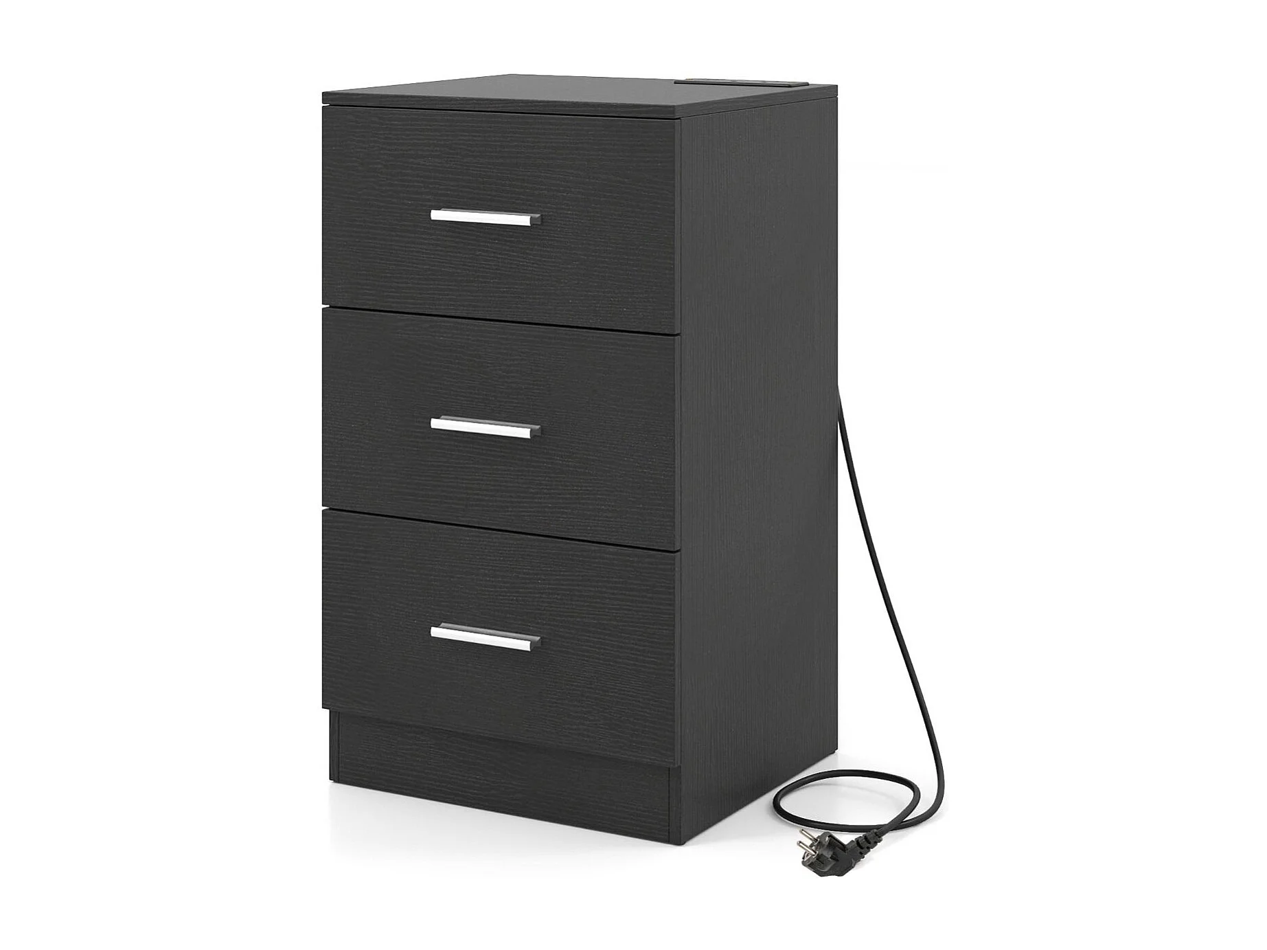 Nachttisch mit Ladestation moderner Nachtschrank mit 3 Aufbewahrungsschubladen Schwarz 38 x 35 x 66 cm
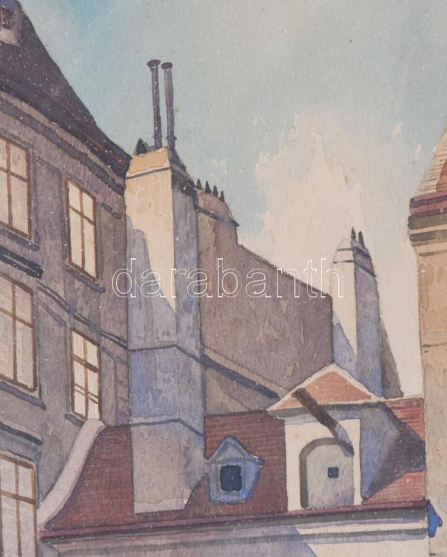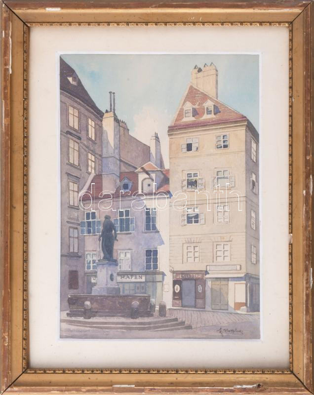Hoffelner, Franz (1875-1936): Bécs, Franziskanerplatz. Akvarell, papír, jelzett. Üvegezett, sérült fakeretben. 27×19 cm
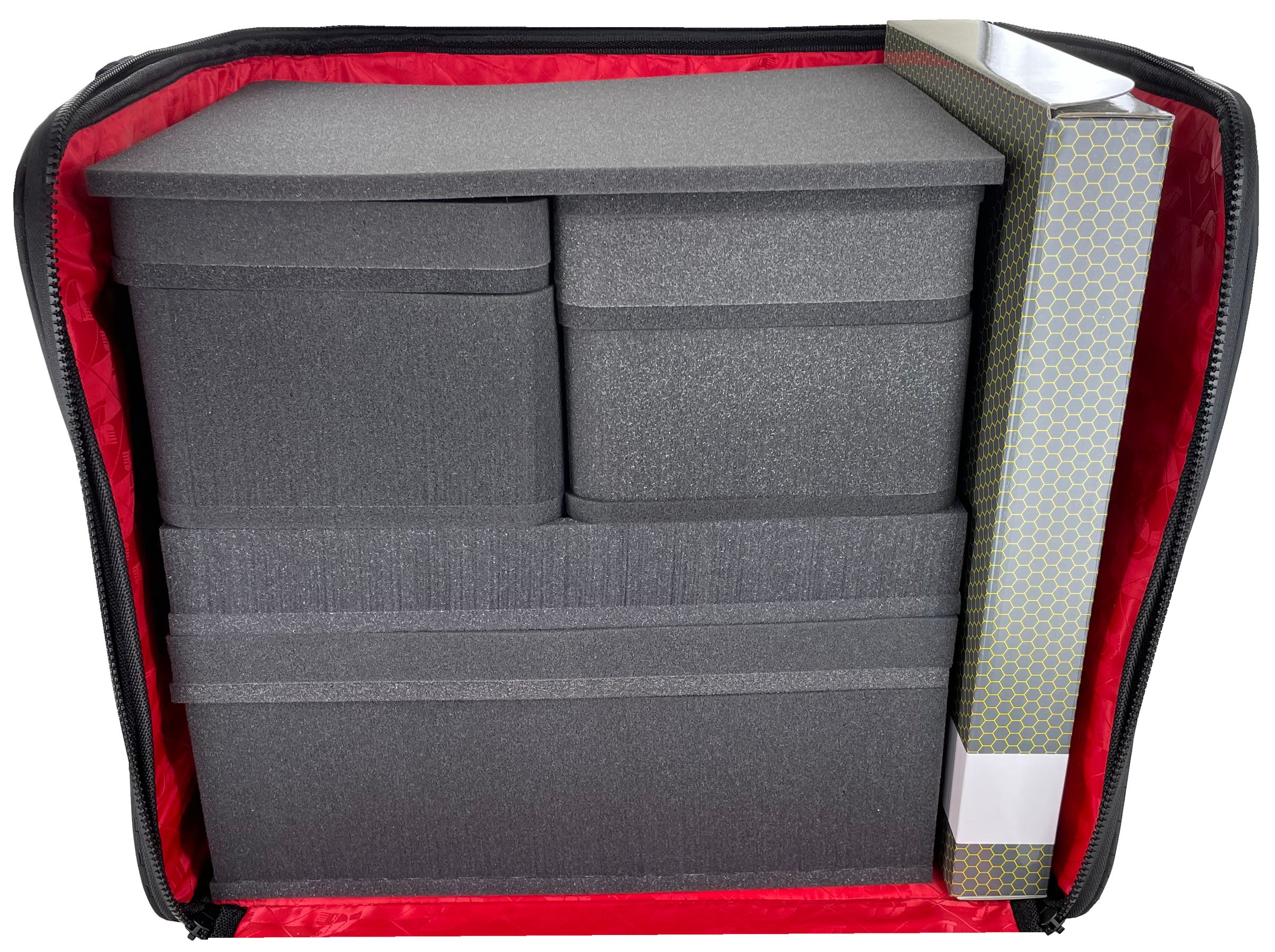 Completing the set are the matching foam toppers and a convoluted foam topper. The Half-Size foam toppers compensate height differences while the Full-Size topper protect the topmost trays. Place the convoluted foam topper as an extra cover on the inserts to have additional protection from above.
= = = = =
Goal of the exercise:
Working from the material above, transcribe it exactly while omitting pictures.

Solution to this exercise:
 Nachttisch mit Ladestation moderner Nachtschrank mit 3 Aufbewahrungsschubladen Schwarz 38 x 35 x 66 cm
Hoffelner, Franz (1875-1936): Bécs, Franziskanerplatz. Akvarell, papír, jelzett. Üvegezett, sérült fakeretben. 27×19 cm
 Completing the set are the matching foam toppers and a convoluted foam topper. The Half-Size foam toppers compensate height differences while the Full-Size topper protect the topmost trays. Place the convoluted foam topper as an extra cover on the inserts to have additional protection from above.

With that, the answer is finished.